# [Supplied material]
##############################

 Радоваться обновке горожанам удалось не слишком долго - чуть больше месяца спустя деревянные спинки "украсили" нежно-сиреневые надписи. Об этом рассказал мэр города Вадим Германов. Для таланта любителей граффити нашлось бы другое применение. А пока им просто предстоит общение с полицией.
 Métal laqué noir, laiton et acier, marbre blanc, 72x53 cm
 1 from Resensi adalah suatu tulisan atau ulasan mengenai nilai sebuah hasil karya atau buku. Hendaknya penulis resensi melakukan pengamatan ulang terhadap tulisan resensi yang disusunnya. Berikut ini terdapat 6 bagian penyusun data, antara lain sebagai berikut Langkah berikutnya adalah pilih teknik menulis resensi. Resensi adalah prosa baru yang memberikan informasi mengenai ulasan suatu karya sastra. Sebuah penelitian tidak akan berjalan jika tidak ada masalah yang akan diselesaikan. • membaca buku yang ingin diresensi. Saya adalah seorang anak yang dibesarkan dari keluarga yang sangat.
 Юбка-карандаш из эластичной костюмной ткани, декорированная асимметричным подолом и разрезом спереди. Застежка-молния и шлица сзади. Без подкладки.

##############################

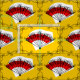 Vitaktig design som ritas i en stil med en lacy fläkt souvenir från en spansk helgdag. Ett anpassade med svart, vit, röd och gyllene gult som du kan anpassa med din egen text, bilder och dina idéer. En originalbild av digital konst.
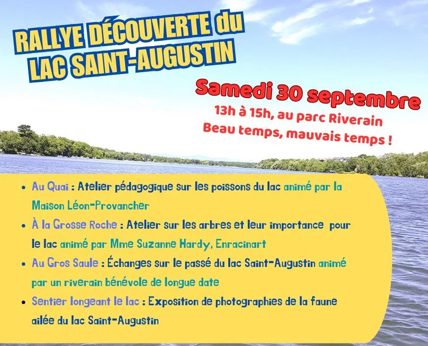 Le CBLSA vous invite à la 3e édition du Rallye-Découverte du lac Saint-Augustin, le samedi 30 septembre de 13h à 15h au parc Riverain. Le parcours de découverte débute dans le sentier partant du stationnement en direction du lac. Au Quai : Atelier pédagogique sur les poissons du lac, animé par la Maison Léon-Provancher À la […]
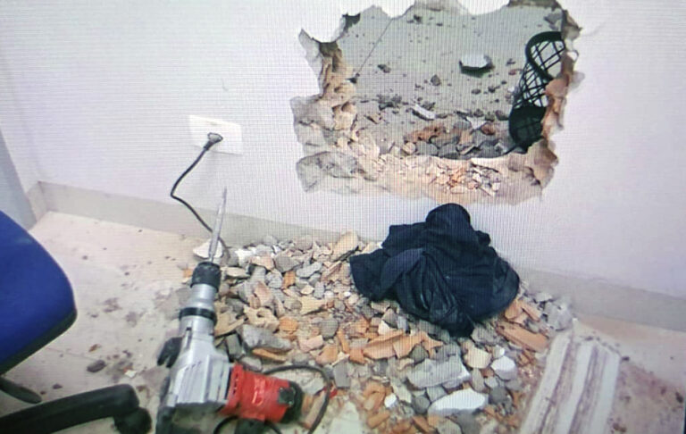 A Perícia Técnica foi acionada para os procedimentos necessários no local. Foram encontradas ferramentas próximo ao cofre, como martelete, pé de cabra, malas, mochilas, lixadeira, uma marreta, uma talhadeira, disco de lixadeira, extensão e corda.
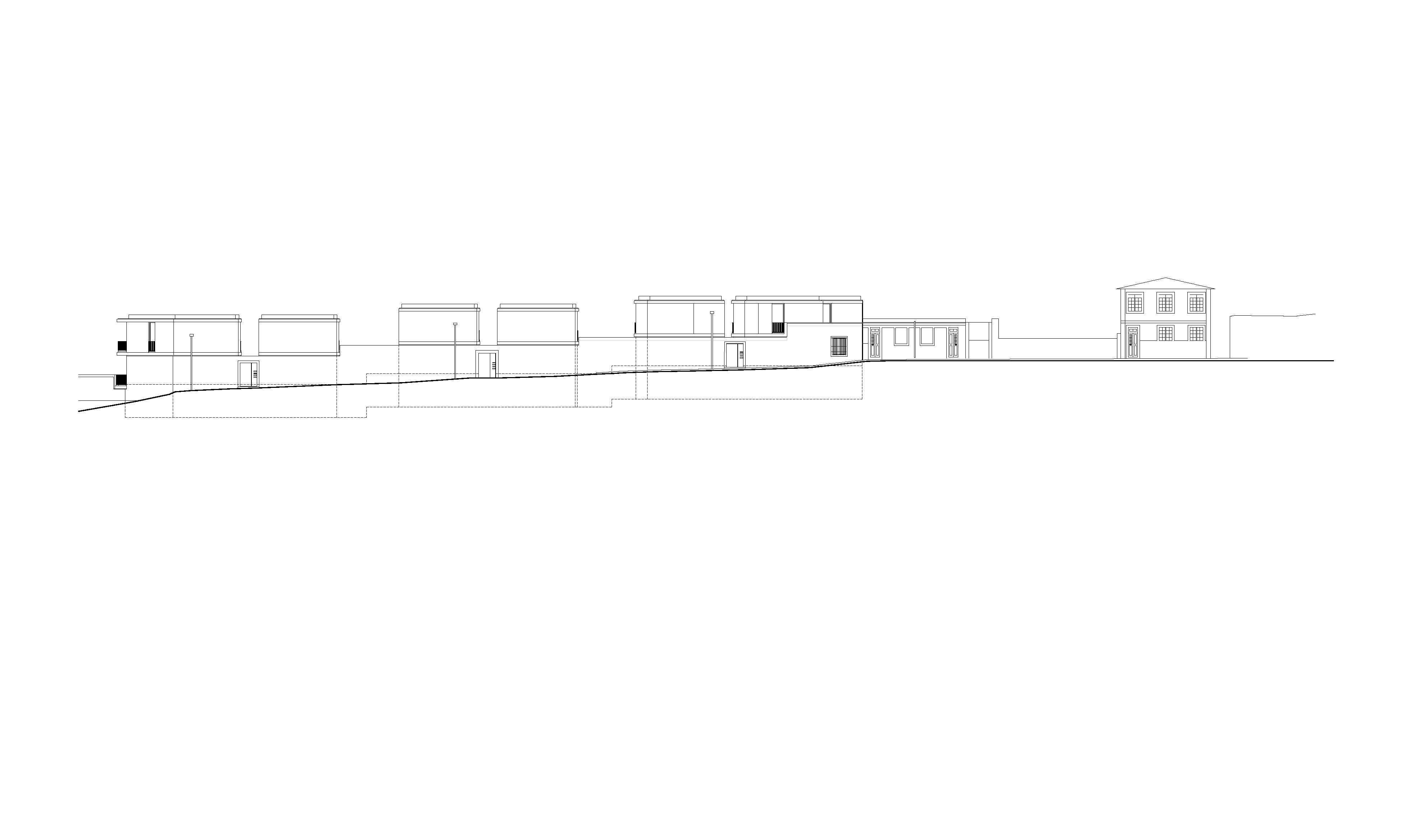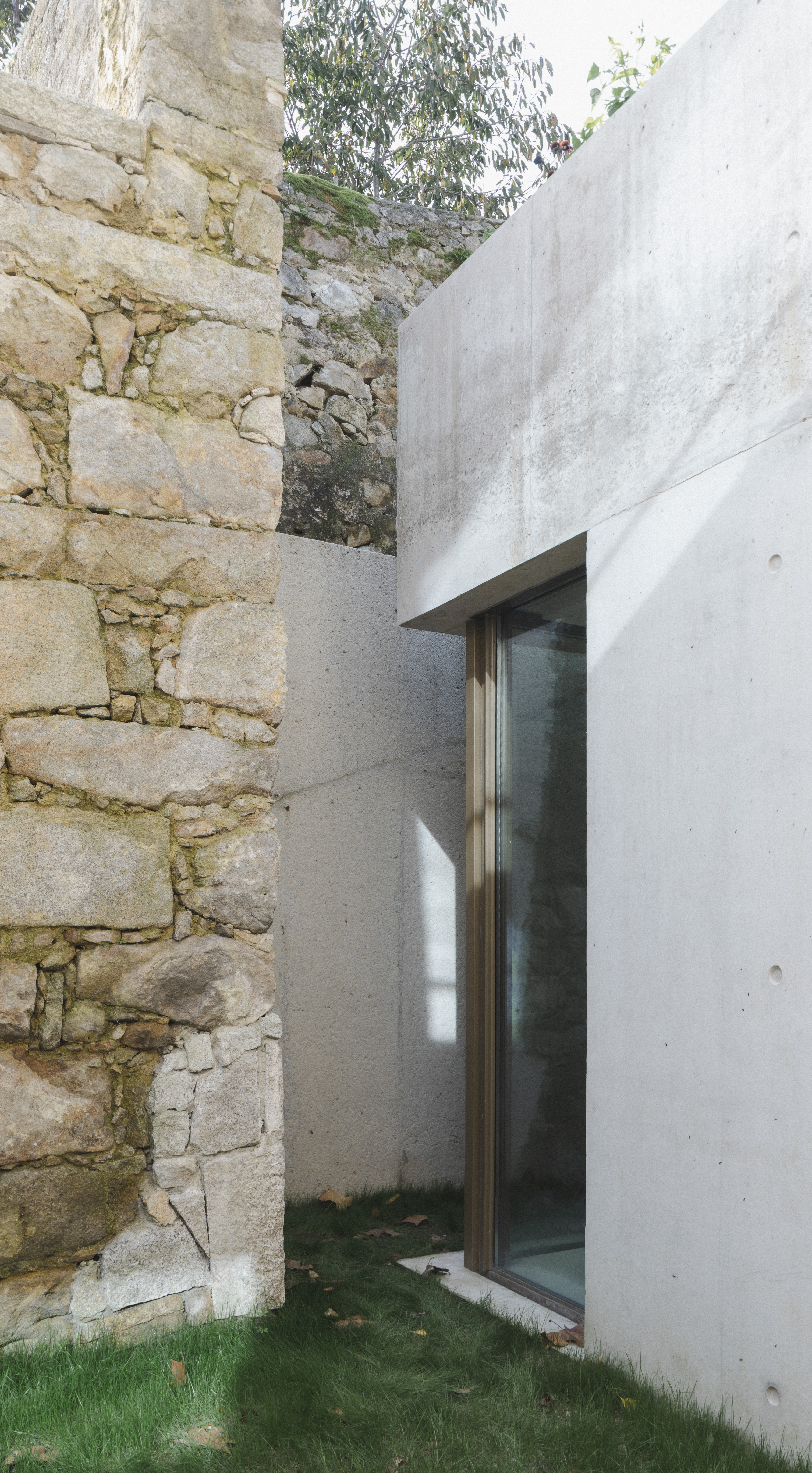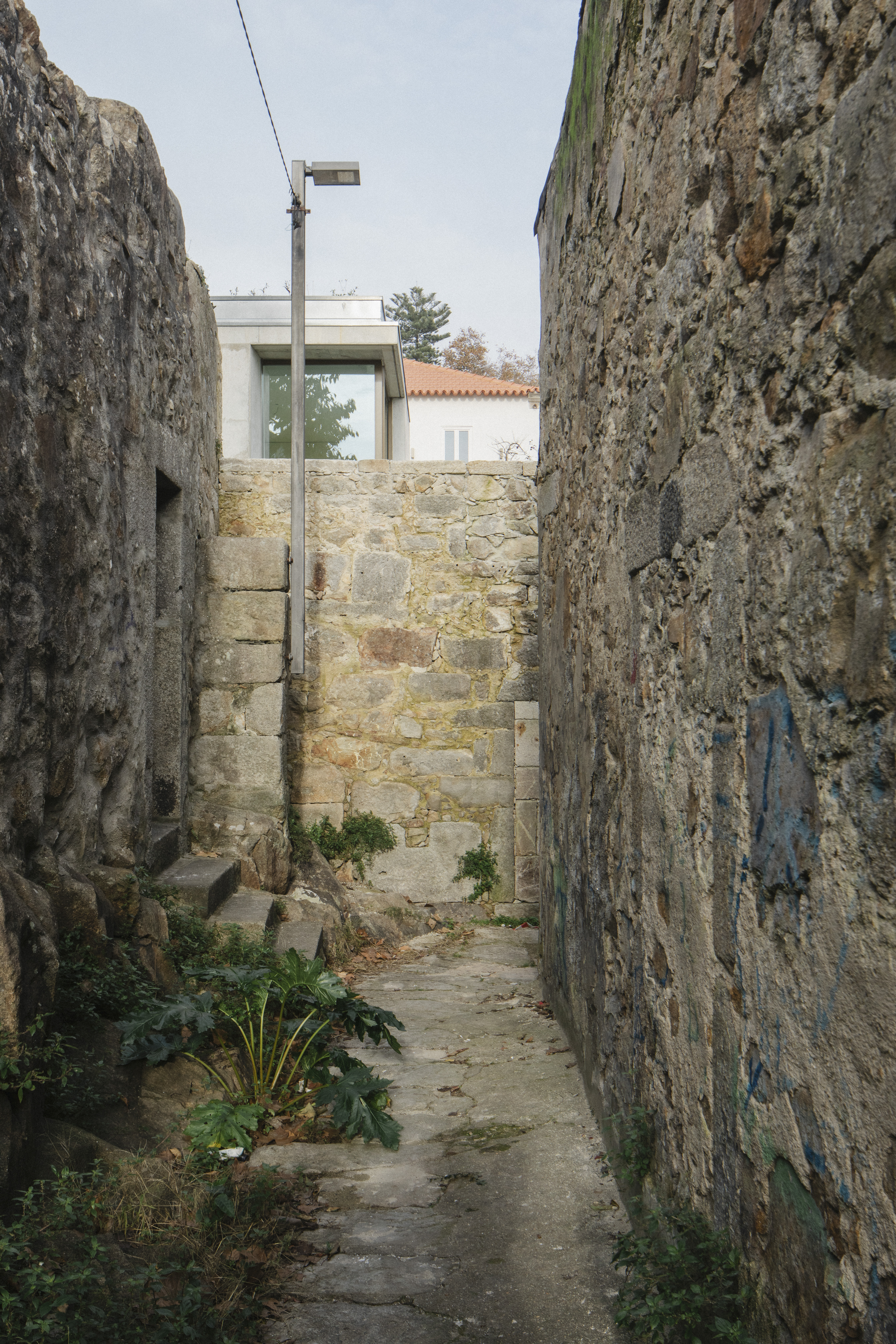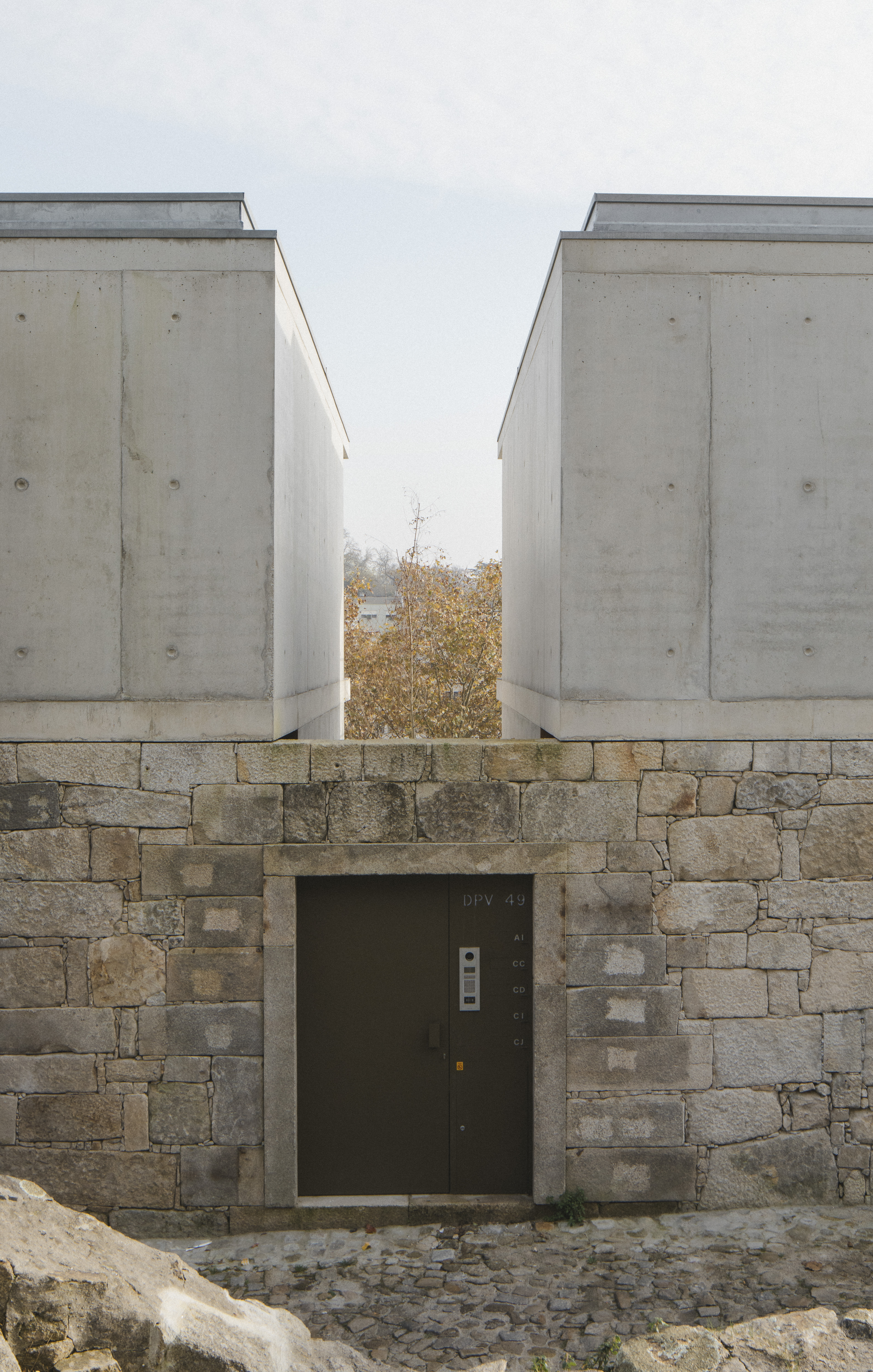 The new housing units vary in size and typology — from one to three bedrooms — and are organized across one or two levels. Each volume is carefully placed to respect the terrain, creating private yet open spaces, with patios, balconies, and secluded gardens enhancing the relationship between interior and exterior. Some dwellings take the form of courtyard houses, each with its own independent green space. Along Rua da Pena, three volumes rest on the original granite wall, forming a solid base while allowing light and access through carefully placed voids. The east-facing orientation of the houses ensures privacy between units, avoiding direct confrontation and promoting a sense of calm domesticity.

##############################

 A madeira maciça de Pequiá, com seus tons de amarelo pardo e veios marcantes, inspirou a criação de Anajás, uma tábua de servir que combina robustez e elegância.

##############################

# [What you should do]
Take exactly the lines from the one containing "1 from Resensi" through the one containing "Юбка-карандаш из эластичной" in the data above, and output them with nothing added.

# [Written answer]
 1 from Resensi adalah suatu tulisan atau ulasan mengenai nilai sebuah hasil karya atau buku. Hendaknya penulis resensi melakukan pengamatan ulang terhadap tulisan resensi yang disusunnya. Berikut ini terdapat 6 bagian penyusun data, antara lain sebagai berikut Langkah berikutnya adalah pilih teknik menulis resensi. Resensi adalah prosa baru yang memberikan informasi mengenai ulasan suatu karya sastra. Sebuah penelitian tidak akan berjalan jika tidak ada masalah yang akan diselesaikan. • membaca buku yang ingin diresensi. Saya adalah seorang anak yang dibesarkan dari keluarga yang sangat.
 Юбка-карандаш из эластичной костюмной ткани, декорированная асимметричным подолом и разрезом спереди. Застежка-молния и шлица сзади. Без подкладки.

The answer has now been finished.